The use of mechanical lysis, such as through a micro-lyser device in combination with a chaotropic agent, provides an easy-to-use sampling kit that also provides effective preservation of DNA/RNA in an isolated biological sample in the field, allowing preservation until the sample reaches the destination where it is to be processed, extracted and, ultimately, sequenced. This provides for increased DNA/RNA yield and decreased DNA/RNA fragmentation from samples; in contrast to prior art bulk water and filter-based field sampling methodologies.
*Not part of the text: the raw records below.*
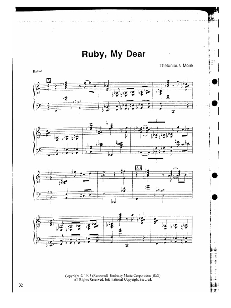 Print and download ruby my dear sheet music by thelonious monk arranged for piano.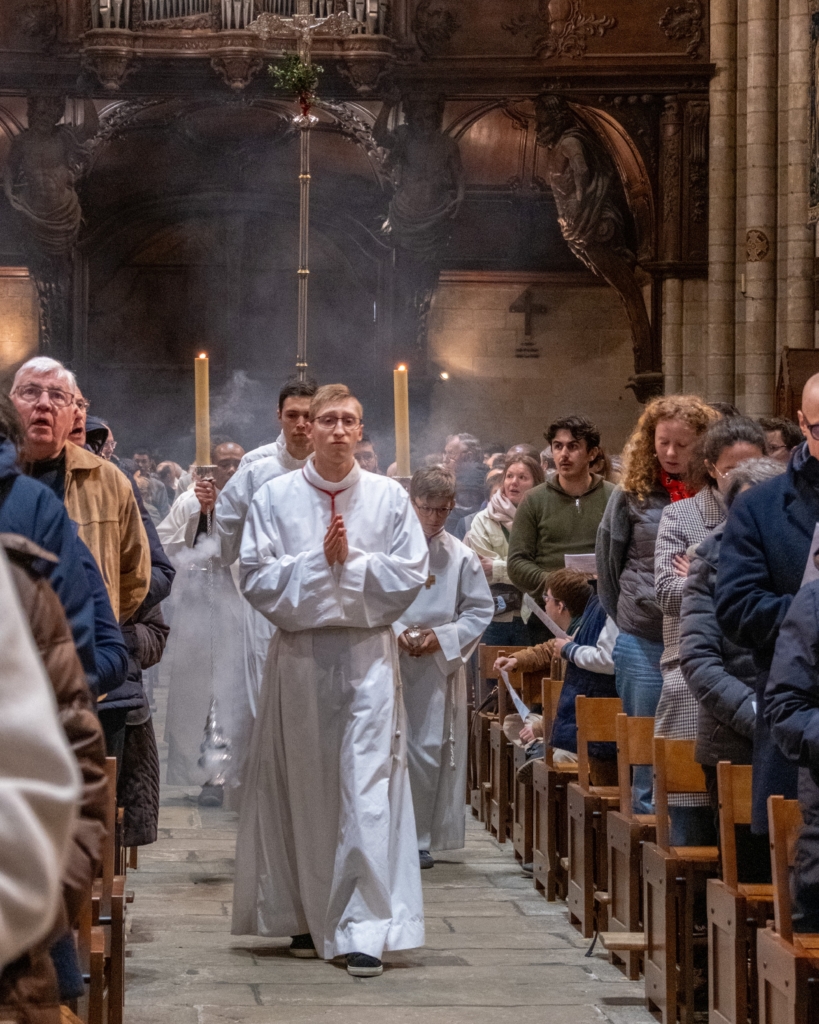 Le mercredi 1er avril 2026, la messe chrismale a été célébrée à la cathédrale Saint-Maurice d’Angers. Elle était présidée par Monseigneur Emmanuel Delmas, évêque d’Angers, entouré des prêtres, diacres et fidèles du diocèse d’Angers.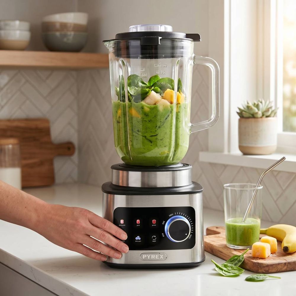 Το μπλέντερ Pyrex Inox SB‑881 1500W σου προσφέρει ισχυρό και γρήγορο αποτέλεσμα για smoothies, σούπες και ροφήματα. Με μοτέρ 1500W, ανθεκτική ανοξείδωτη κατασκευή και κοφτερές λεπίδες, πολτοποιείς εύκολα φρούτα, λαχανικά και πάγο. Ο εύχρηστος χειρισμός και ο στιβαρός σχεδιασμός το καθιστούν ιδανικό για καθημερινή χρήση με την αξιοπιστία της Pyrex.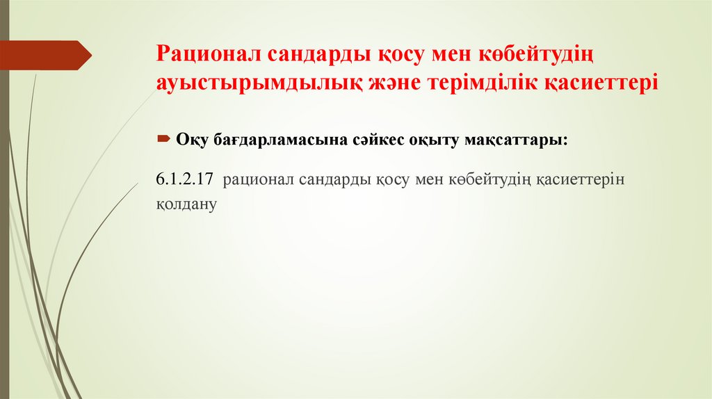 Оқу бағдарламасына сәйкес оқыту мақсаттары:6.1.2.17 рационал сандарды қосу мен көбейтудің қасиеттерін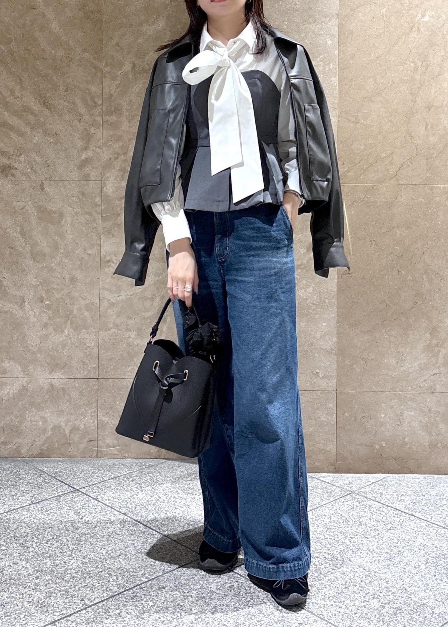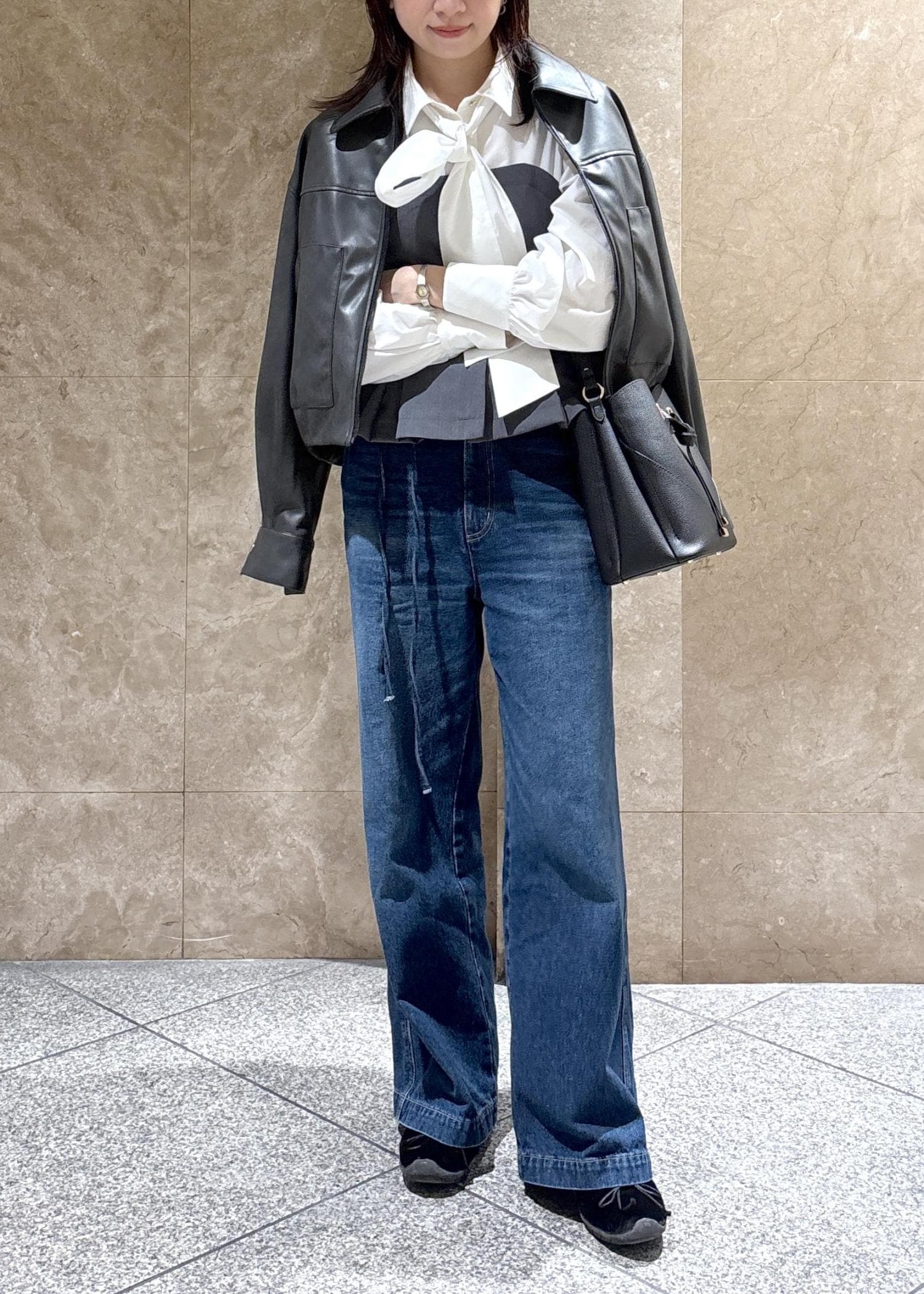 VISアウトポケット合皮ブルゾンブラック / F¥10,989レビューコンパクトなサイズ感ですが、脇周りや身幅にはある程度ゆとりがあり、厚みのあるニットの上からでも羽織りやすいです。

In particular for samples isolated from gas and oil fields (e.g. oil wells) where the sample processing, extraction and sequencing site is remote from the sampling site.

The sample isolation methods of the invention have the further advantage of being useful with other forms of low copy number and/or damaged and fragmented nucleic acids such as: certain environmental samples; certain kinds of medical samples (e.g. formalin-fixed paraffin-embedded (FFPE) tissues); certain kinds of forensic samples; and certain kinds of ancient DNA and other archaeogenetics samples (i.e. vanishingly small quantities of damaged and fragmented DNA from museum and archaeological samples thousands of years old). The sample isolation methods of the invention are able to produce data from even very low biomass inputs (data not shown) and, moreover, can do so quantitatively.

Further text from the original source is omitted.